BYU quarterback Zach Wilson (1) dives into the end zone for a touchdown late in the second half as USC safety Isaiah Pola-Mao (21) tries to tackle him during a game Sept. 14, 2019, in Provo, Utah. (AP Photo/George Frey)

BYU quarterback Zach Wilson (1) dives into the end zone for a touchdown late in the second half as USC safety Isaiah Pola-Mao (21) tries to tackle him during a game Sept. 14, 2019, in Provo, Utah. (AP Photo/George Frey)

Huskies preparing to contend with big-play ability of BYU QB

Zach Wilson has the ability to beat teams with his arm and legs, according to UW players and coaches.

By Lauren Kirschman / The News Tribune

SEATTLE — Zach Wilson was in trouble.

With just more than six minutes remaining in Saturday’s game against USC, BYU was trailing 24-20 and the Cougars quarterback was attempting to lead a comeback.

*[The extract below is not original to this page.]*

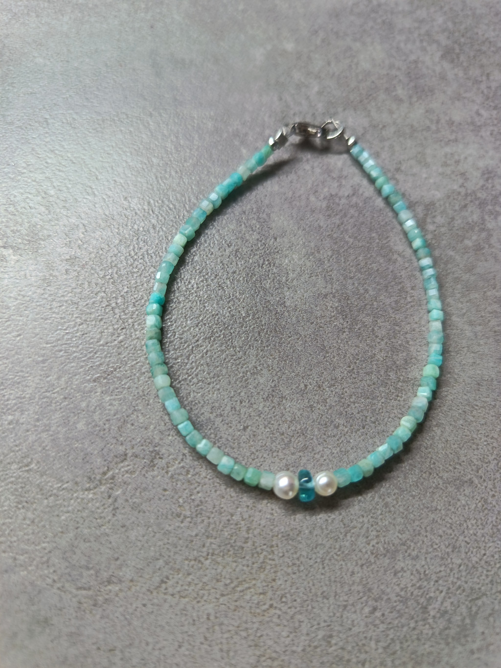 Amazonit karkötő apró tenyésztett gyönggyel és apatittal – ezüst szerelékkel

But on first-and-10 near midfield, the Trojans brought heavy pressure.

Wilson looked like he had nowhere to go, but he didn’t panic. Instead, he backpedaled to avoid two charging pass-rushers, slipped through a hole between them and hit wide receiver Gunner Romney with a 35-yard pass on the run.

Two plays later, Wilson took the snap and almost immediately charged through USC’s defense. As he neared the end zone, he dove through a gap in two Trojan defenders for a 16-yard touchdown that put the Cougars up 27-24 with 5:41 remaining. The Trojans tied the game in regulation before BYU won with a field goal and a stop in overtime.

Based on his analysis, it’s safe to say Washington defense back Myles Bryant has seen the tape.

“I mean, if I was playing Madden, I feel like (Wilson’s) the prototypical Madden-type of quarterback, where he can run around and throw it,” Bryant said after practice Tuesday.

Wilson, a sophomore, took over as BYU’s starter midway through last season. That was after the Huskies cruised to a 35-7 victory at Husky Stadium. Tanner Mangum started that game, completing 18 of 21 passes for 160 yards. He was sacked twice.

Through three games this season, Wilson has completed 60 of 95 passes for 720 yards and two touchdowns. He’s also rushed for an additional 47 yards and a touchdown on 23 carries. In nine appearances in 2018, Wilson completed 120 of 182 passes for 1,578 yards and three touchdowns. He had 75 carries for 221 yards and two touchdowns.

But what Wilson does best is make something out of nothing. He’s an effective scrambler, and he’s proven more than capable of making throws on the run. Simply containing him, Bryant said, will be the Huskies’ biggest challenge.

“Just understanding that he could hurt teams with his arm and his legs,” Bryant said. “It’s kind of like a deceptive speed that he has. He doesn’t look like he’s running fast, but he’s one of those guys when you get out there and he’s moving around, he’s pretty athletic.”

The Cougars are averaging 356.3 yards per game and 23.6 points per game. But last year, BYU averaged 37.2 rushing attempts and 153.2 rushing yards per game. This season, it is averaging 110 yards on 30.7 attempts. Meanwhile, the Cougars are attempting 3.6 more passes per game and averaging 24.5 more passing yards.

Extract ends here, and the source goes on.